Kizashi hanya mengangguk pada Sasuke dan menatap putrinya. "Aku sangat bangga padamu, Sakura. Kau berhasil lulus dengan beberapa pujian bagus, meskipun..." Ia berdeham, melirik perut Sakura, "...harus terhalang di setengah perjalanan."
Mata Sasuke menyipit. Tidak bisakah pria paruh baya itu hanya memberi selamat pada putrinya tanpa menyinggung hal lainnya?
Sakura tampak tidak menyadari duri yang dilempar ayahnya. Atau mungkin ia hanya terbiasa dengan kata-kata ayahnya, "Ya Tousan, aku selalu menjadi murid yang baik dan tahun seniorku terbukti tidak terlalu menantang. Aku lega sudah melewatinya, jadi untuk saat ini aku bisa fokus pada bayiku." Tangannya secara naluriah bergerak ke perutnya dan ia melihat tatapan tidak nyaman melintas di mata ayahnya.
"Ya, aku lega kau sudah menyelesaikan pendidikanmu."
Sasuke memperhatikan wajah Sakura dan yakin ia melihat Sakura sedikit mengernyit ketika ayahnya mulai berbicara panjang lebar tentang pentingnya mengejar pendidikan tinggi dalam keluarga Haruno. Sasuke hampir meninjukan kepalan tangannya ke depan wajah Kizashi dan berkata 'Dia seorang Uchiha sekarang' tapi ia menahan lidahnya. Ini adalah hari bahagia Sakura dan ia tidak ingin merusaknya. Untuk saat ini, ia hanya akan menyimpan komentarnya tentang ayah Sakura yang bajingan itu untuk dirinya sendiri.

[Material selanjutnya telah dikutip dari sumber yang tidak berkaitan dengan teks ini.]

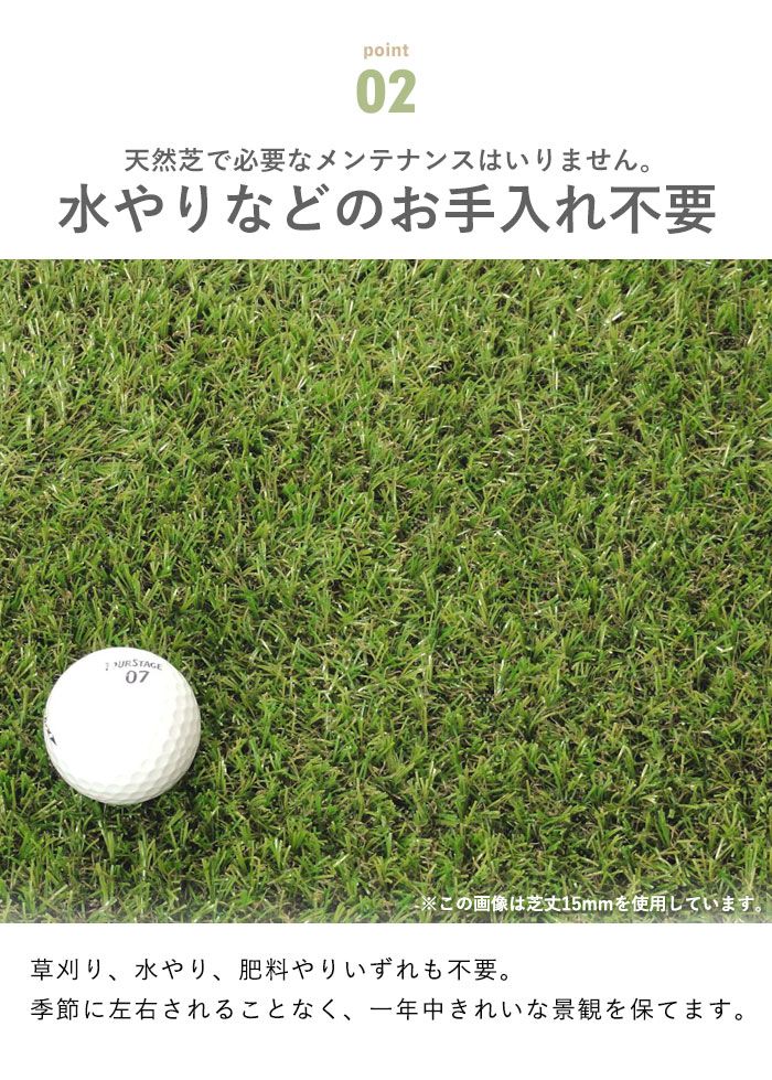 敷くだけで簡単に緑のお庭が完成するリアルな人工芝です。芝刈りや水やり不要で、一年中美しい緑をキープ。茶色の枯葉が混ざった自然な風合いで、土・コンクリート・木材など幅広い場所に設置可能。ハサミやカッターで簡単にカットできるので、お庭やベランダ、バルコニーの施工もラクラク。一定間隔で水抜き孔があるため水はけがよく、強粘着両面テープやU字ピンで固定できます。透水性・保水性に優れ、夏場の温度上昇を抑制し、衝撃吸収性も高いため安全で快適。遮光率100%で雑草の発生も防ぎます。

Mata Kizashi melirik Sasuke, "Kurasa kau memperlakukan putriku dengan hormat?"
Lengan Sasuke menegang di sekitar Sakura. Sebelum ia bisa bicara, Sakura mendahuluinya, "Sasuke memperlakukanku dengan luar biasa, Tousan. Aku harap kau akan berhenti menanyakan tentang hal itu."
"Aku hanya ingin memastikan, mengingat dia hanyalah orang asing ketika kalian menikah."

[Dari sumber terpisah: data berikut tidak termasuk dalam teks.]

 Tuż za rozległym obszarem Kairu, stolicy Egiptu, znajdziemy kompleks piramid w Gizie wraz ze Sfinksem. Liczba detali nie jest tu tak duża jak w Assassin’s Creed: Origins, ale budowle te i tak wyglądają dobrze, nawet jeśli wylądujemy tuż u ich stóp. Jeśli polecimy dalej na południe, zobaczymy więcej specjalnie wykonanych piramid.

Sasuke angkat bicara sekarang, "Jika aku mengingatnya dengan benar, kaulah yang membuat 'menikahi orang asing' ini terjadi, bukan?"
Mata Kizashi menyipit ke arah Sasuke. Darimana pemuda itu berani berkata sampah seperti itu? Pemuda itu MEMILIKI kekayaan darinya dan pemuda itu kini sudah merasa perlu untuk berbicara?

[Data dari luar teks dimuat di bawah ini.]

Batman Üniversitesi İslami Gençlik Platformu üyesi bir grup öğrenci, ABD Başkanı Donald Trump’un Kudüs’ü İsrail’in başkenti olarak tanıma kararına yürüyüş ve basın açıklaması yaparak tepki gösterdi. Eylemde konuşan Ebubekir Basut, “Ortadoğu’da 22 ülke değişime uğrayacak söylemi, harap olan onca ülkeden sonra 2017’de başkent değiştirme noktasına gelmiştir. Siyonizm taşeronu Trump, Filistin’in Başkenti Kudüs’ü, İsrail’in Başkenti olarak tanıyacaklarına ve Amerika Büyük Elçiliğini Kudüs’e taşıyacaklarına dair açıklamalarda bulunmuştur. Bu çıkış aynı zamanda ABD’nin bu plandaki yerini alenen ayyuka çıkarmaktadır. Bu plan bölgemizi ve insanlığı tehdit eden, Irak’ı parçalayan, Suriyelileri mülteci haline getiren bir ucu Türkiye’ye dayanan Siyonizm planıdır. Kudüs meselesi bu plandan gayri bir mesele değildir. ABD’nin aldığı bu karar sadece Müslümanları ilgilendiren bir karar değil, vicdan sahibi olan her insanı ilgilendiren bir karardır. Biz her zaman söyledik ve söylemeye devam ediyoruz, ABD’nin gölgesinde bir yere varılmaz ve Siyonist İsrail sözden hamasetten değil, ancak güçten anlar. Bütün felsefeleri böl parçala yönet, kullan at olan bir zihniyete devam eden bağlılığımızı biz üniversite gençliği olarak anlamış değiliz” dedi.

Mendidih, Kizashi menatap tajam pada Sasuke, "Mengingat putriku dan anaknya tak lebih dari jembatan finansial bagimu, aku merasa perlu memeriksa kesejahteraannya. Status sosialmu... terkenal di seluruh kota ini, Uchiha. Aku masih merasa sangat menyayangkan bahwa putriku memilih pasangan sepertimu. Untuk melindungi reputasinya, aku telah mengizinkanmu memasuki hidupnya dan aku berharap..."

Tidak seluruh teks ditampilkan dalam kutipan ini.